Mark Woodall is legislative chair of the Georgia Sierra Club and testified against the bill in the Senate Regulated Industries committee meeting Thursday.
“What this bill does is take away the right of the people of Dalton to vote on taking on more utility debt,” he said.
He argued it’s all about helping Dalton respond to any future cost increases at Vogtle without public feedback.
“Taking away the right of the people of Dalton to vote, that’s not going to solve our issues with Vogtle,” he said.
Dennis Mock, the mayor of Dalton, said he and the City Council support the bill.

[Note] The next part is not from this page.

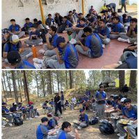 Upon arrival, the students engaged in team-building activities, breaking the ice and forming lasting connections. The following day, they set off on a scenic 7-8 km trek to the ancient Shiva temple at Ghantakaran, surrounded by pine forests and serene landscapes. The adventure continued with a wilderness survival skills workshop, where they learned essential outdoor techniques like shelter building and first aid.
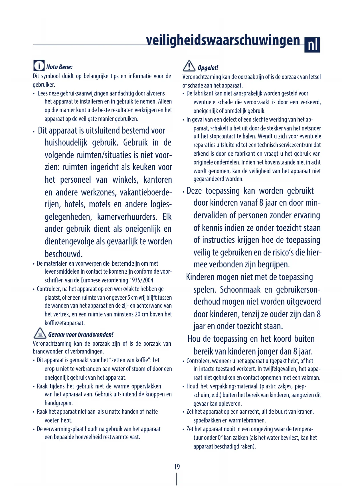 - Dit apparaat is uitsluitend bestemd voor huishoudelijk gebruik. Gebruik in de volgende ruimten/situaties is niet voor- zien: ruimten ingericht als keuken voor het personeel van winkels, kantoren en andere werkzones, vakantieboerde- rijen, hotels, motels en andere logies- gelegenheden, kamerverhuurders. Elk ander gebruik dient als oneigenlijk en dientengevolge als gevaarlijk te worden beschouwd.

While it “might have something to do with Vogtle,” he said, the reason he supports the legislation is that it “levels the playing field with the other utilities we compete with,” like Georgia Power, for example.
“I think it was probably an old political move to keep Dalton Utilities at bay and let everybody else have a competitive advantage around us,” he said, and removing it would help the utility progress.
The proposed new system would require the approval of the mayor, City Council and Dalton Utilities Board, whose members are appointed by the mayor and council. A superior court judge would also have to validate the bond issuance.
“Referendums are expensive, and they take a lot of time,” Mock said. “We, the mayor and council, answer to the public and, therefore, Dalton Utilities is accountable to the public. That’s democracy in action.”
Mock said he would feel differently if these were general obligation bonds, as opposed to revenue bonds. The former means that taxpayers pledge themselves to raise taxes to pay them off.
“Revenue bonds do not have a tax pledge,” Bundros said. “Nor do I pledge the assets of the utility. Revenue bonds can only look to the revenues from the projects that are being financed as securities of the debt service.”
Ed Painter is a Dalton businessman who testified against similar legislation last year that did not pass the House. He said this is “obviously about Vogtle.”
If there were to be a referendum, he said, “the environmentalists would no doubt rally in Dalton to oppose a referendum to give money to Vogtle. And that would be difficult in a town like ours.”